WORK TO BE COMPLETED: In the records below, repeat exactly the lines between the line holding "Un intérieur rémois, la" and the line holding "Long dress featuring", inclusive, and drop the pictures.

□ □ □ □ □

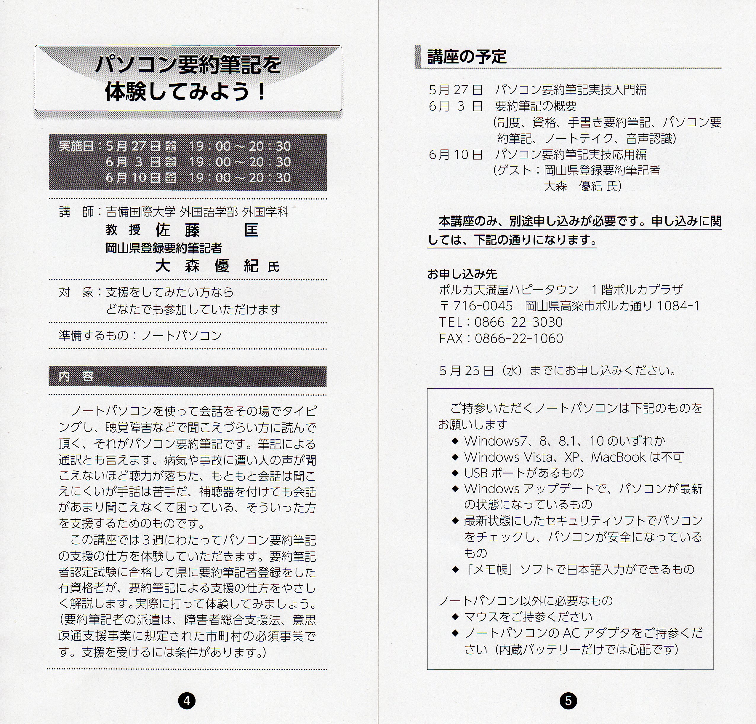 吉備国際大学無料公開講座「まちなかゼミナール」開催のご案内
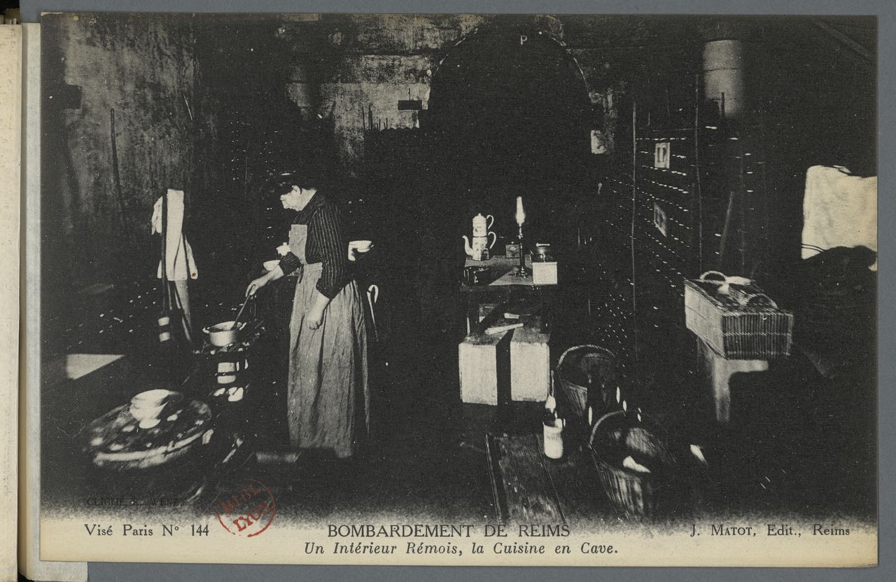 Un intérieur rémois, la cuisine en cave, coll. BmL, Fonds de la Guerre 14-18
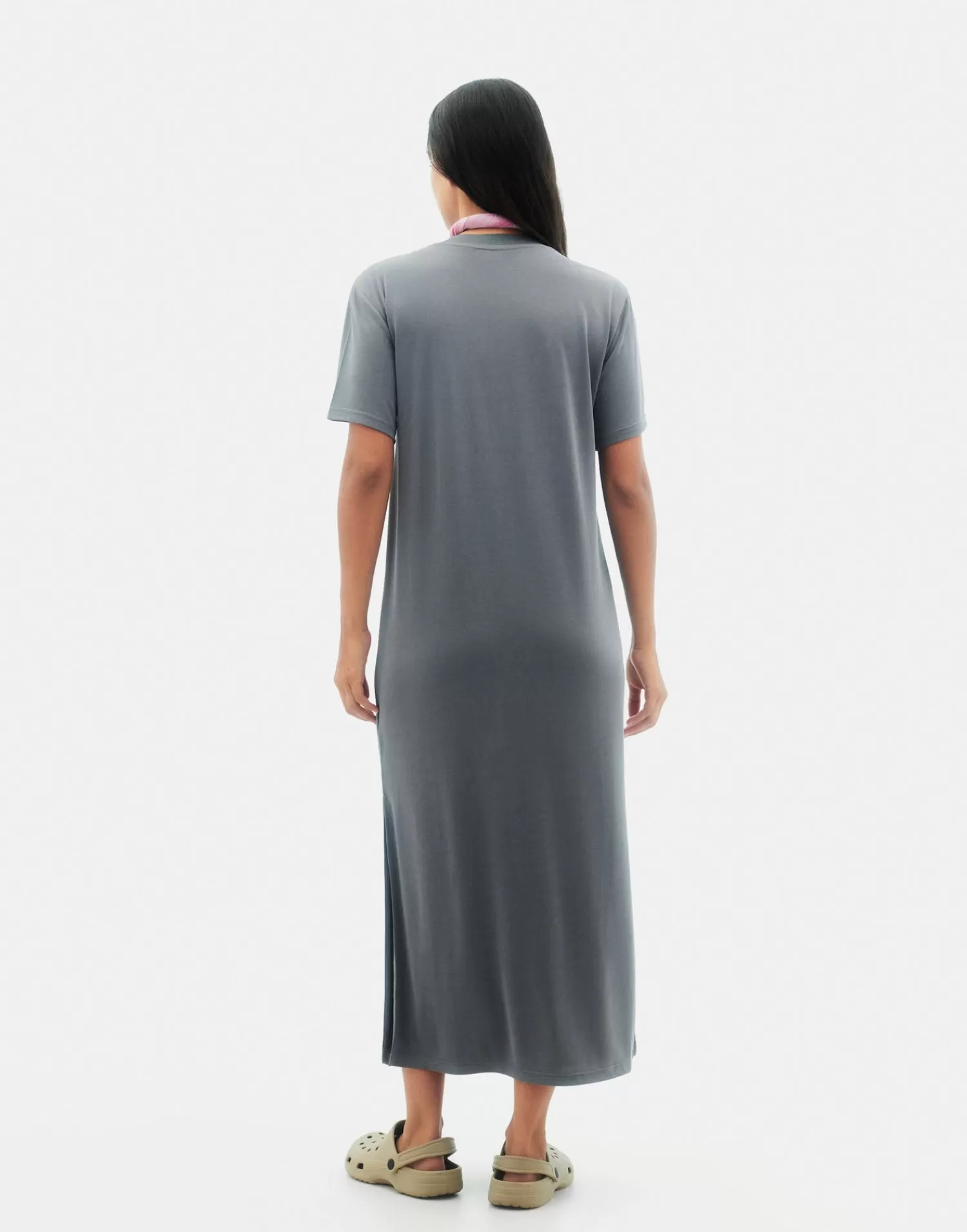 Long dress featuring short sleeves and a V-neckline. Complete with side slits at the hem.The model is 1.71 m tall.
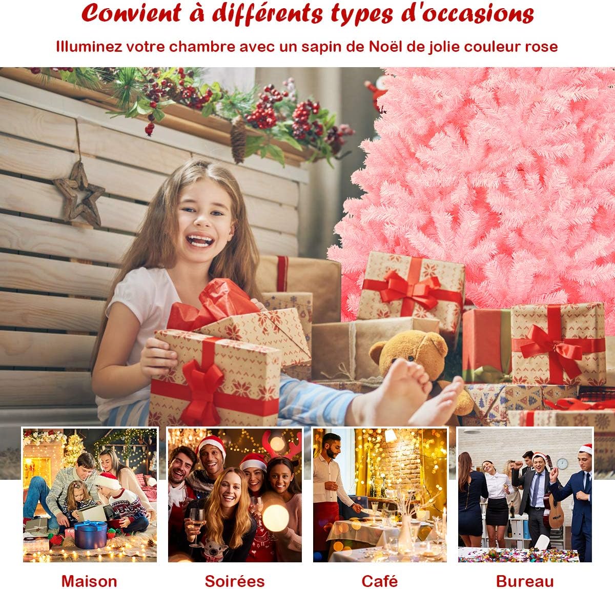 - Largement Utilisé: Un bel arbre de Noël est une nécessité pour passer un Noël éblouissant. Que ce soit à la maison, en entreprise ou en centre commercial, notre magnifique sapin de Noël rose peut jouer un très bon rôle décoratif.
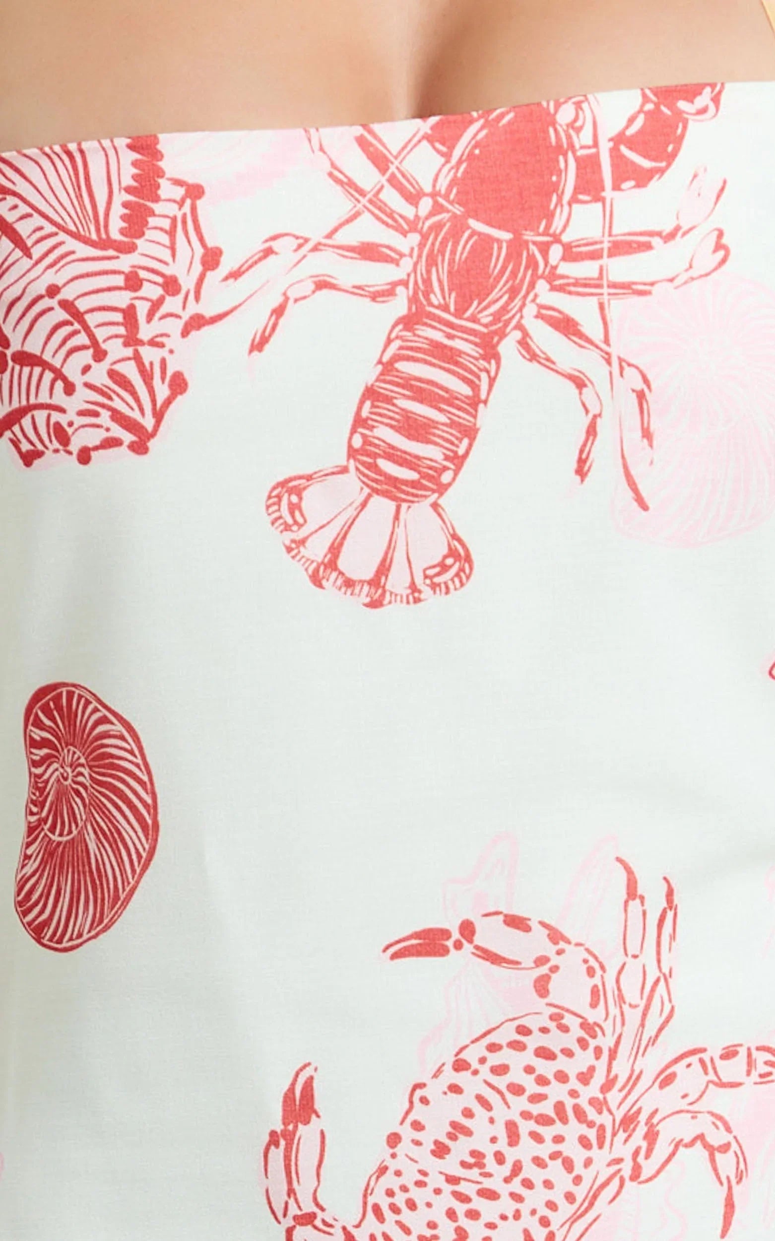 Meet the Gillian Mini Dress – Halter Pencil Skirt Dress In Lobster Print, your shortcut to standout style with a twist of sheer-it’s-not subtle charm. Lean into the trend wave with sculptural volumes in your accessories or metallics for that after-dark glow. A killer choice when you want cute with confidence and a look that always lands.
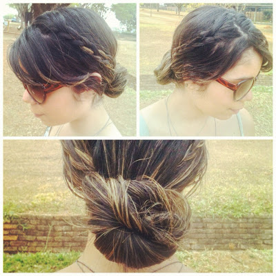 E quando eu disse que o calor tá de lascar, eu não estava exagerando! Tem dias que e impossível usar o cabelo solto, então a gente tem que inventar! Fiz esse coque, mas incrementei com tranças nas laterais! Fiz tudo sozinha! Fiquei tão orgulhosa de mim, haha!
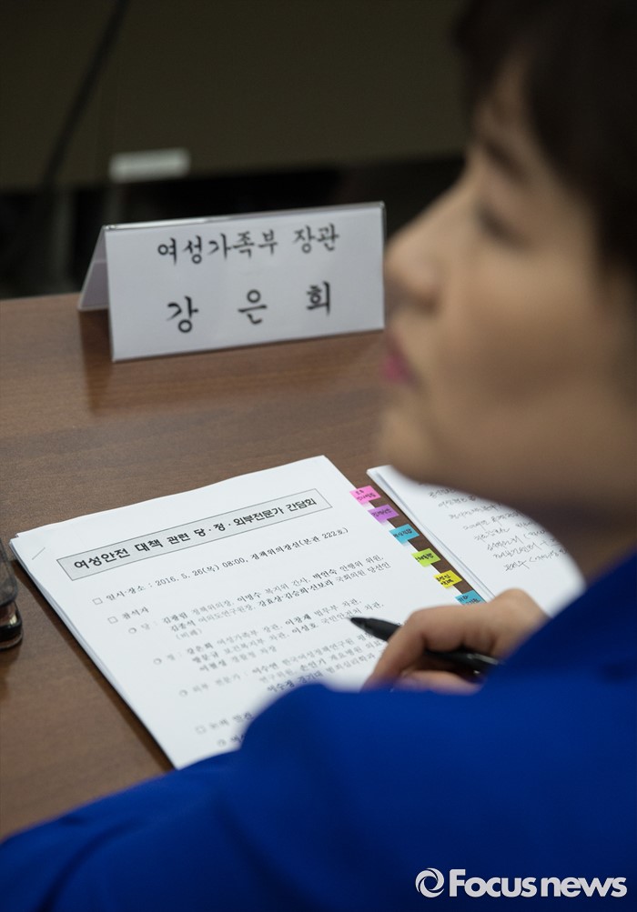 (서울=포커스뉴스) 강은희 여성가족부장관이 26일 오전 서울 여의도 국회에서 열린 여성안전대책간담회에 참석하고 있다.

□ □ □ □ □

WORKED SOLUTION:
 Un intérieur rémois, la cuisine en cave, coll. BmL, Fonds de la Guerre 14-18
 Long dress featuring short sleeves and a V-neckline. Complete with side slits at the hem.The model is 1.71 m tall.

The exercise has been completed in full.